“A Step in the Right Direction”

Nilsson says, “Another step in the development of polytheism was thinking of the great forces of nature (such as sky and seasons) and of human life (such as love and death) as gods.”

Yes, and the same story applies there.  It is quite apt, and not incompatible with understanding a single divine reality behind them all.  In fact, seeing them as gods—as personal beings with desires, plans, loves, and so forth—is a step in the right direction, of acknowledging that God is a Person and one with whom one can interact.

“Lord, did the polytheistic response affect You in any way?”

Oh yes, in many ways.  When someone sensed My presence in a place and responded respectfully, it increased My awareness of My presence there, and of what it was about Me that evoked and deserved respect.

Then I was given an analogy.

Sometimes someone might be the pillar of a particular institution and not realize their distinctive role until a crisis.  And they notice that everyone rallies around them or sees them as their savior or seeks their advice or expects them to get them through it.  In a sense, they were the pillar all along, but it was almost latent and not fully actualized until the occasion arose and they saw it reflected in the eyes of others.

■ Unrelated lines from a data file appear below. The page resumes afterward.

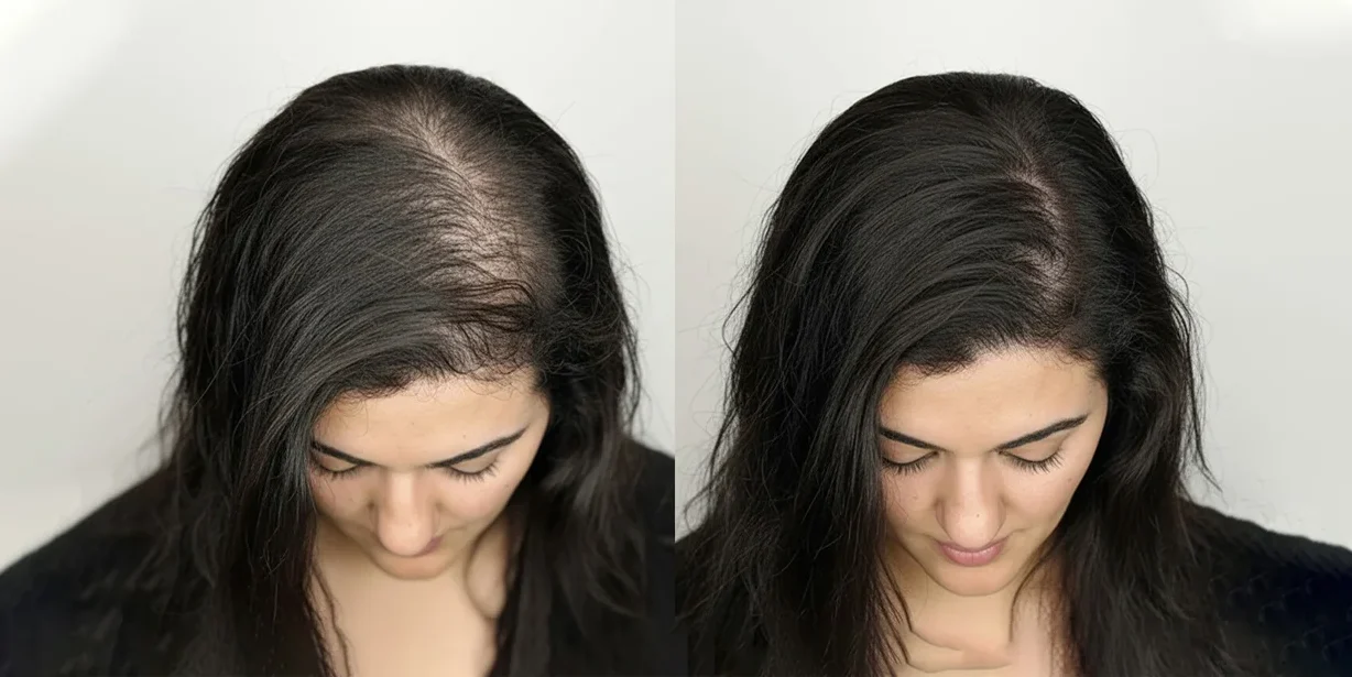 For women we use precise pigment deposits in thinning temple and crown areas for perfect results.
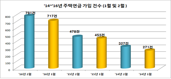 최근 3년간 주택연금 1월과 2월 신규 가입자 현황을 살펴보면 ▲`14년도 598건 ▲`15년도 931건 ▲올해 1508건으로 주택연금 신규 가입자가 지속적으로 증가하고 있다.
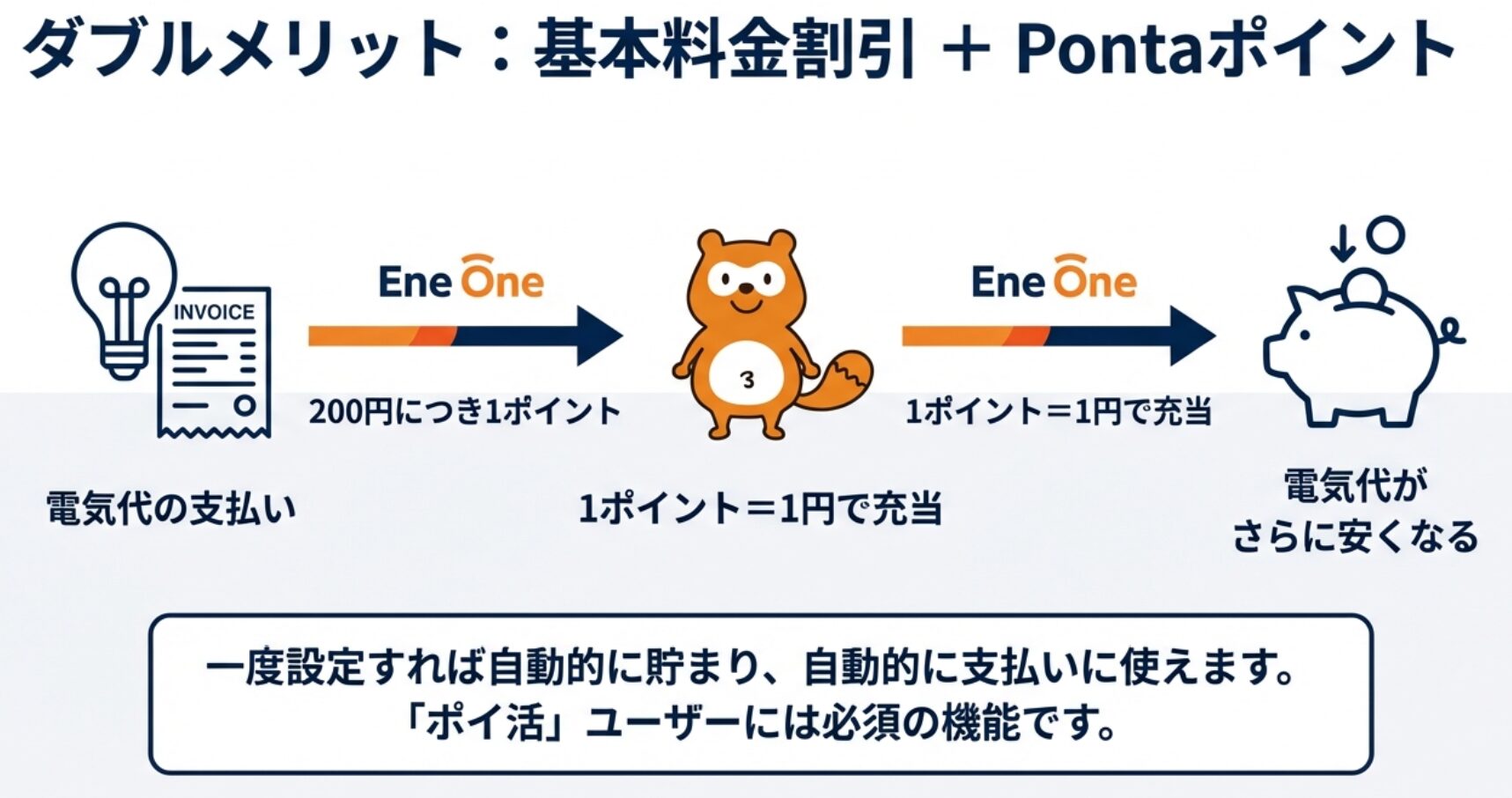 エネワンでんきは、日々の生活でPontaポイントを活用している方にとって非常に相性の良い電力会社です。
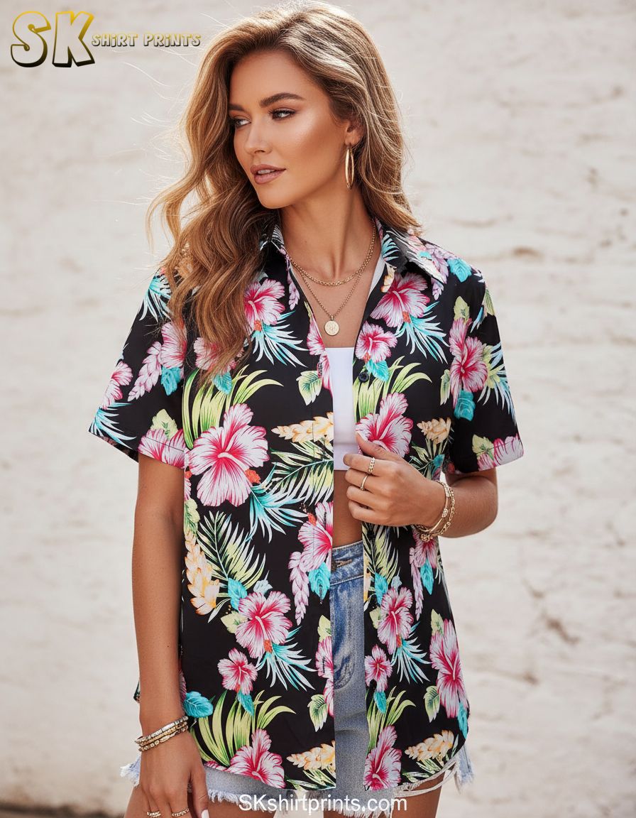 Women Hawaiian Shirt Soft Cool Summer Tropical Beach Shirts Floral Print V Neck Short Sleeve Button Up Blouse
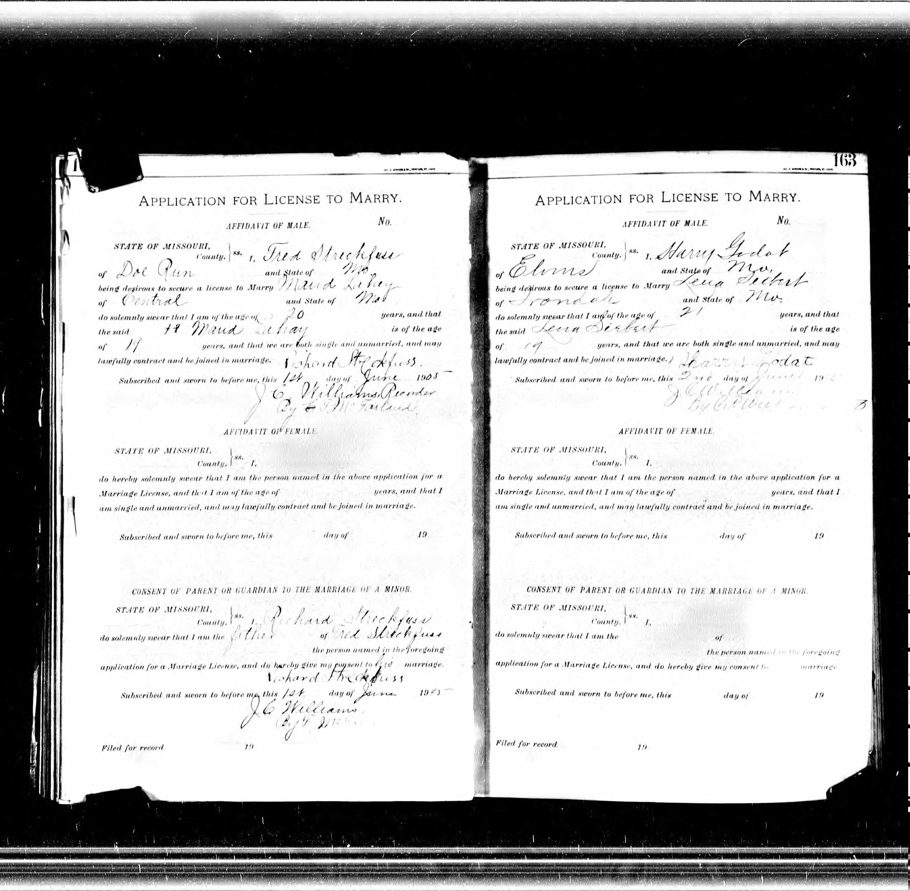 Missouri Marriage Application, Fred Streckfuss and Maud Lahey, Harry Godat and Lena Seabert

I gather that God’s experience was something like that.

“Early people saw my presence everywhere…”

As early peoples caught glimpses of the divine in art or in nature, it must have been natural to think there were gods in things.  In fact, I had been told.

Some elements of polytheism are merely superstitious, but other aspects are genuinely responsive to the many ways in which I present myself.  It may seem odd to your modern mind to think of fire as a god, but why do you think I made fire mysterious and fascinating?  It is a physical metaphor in itself—it is created out of nothing and disappears into nothing, grows and dies, gives life and warmth as well as pain and destruction, and it looks both hypnotically attractive and frightening.

As you know, I am very powerful.  I do manifest Myself in storms and thunder, in the ocean and great waves—in the power that drives the universe and that manifests itself in each particular event.  The large cosmic forces are divine and so are their concrete manifestations in specific incidents.  That does not mean that every rainstorm is a specific communication or is there to advance or retard some particular action, but it does mean that every rainstorm expresses an aspect of Me.

Early peoples saw My presence everywhere, saw the spiritual indwelling of things, their powers and potencies and the divine element in all that.  But there was always an awareness, however dim, that there was a single spiritual reality behind them all.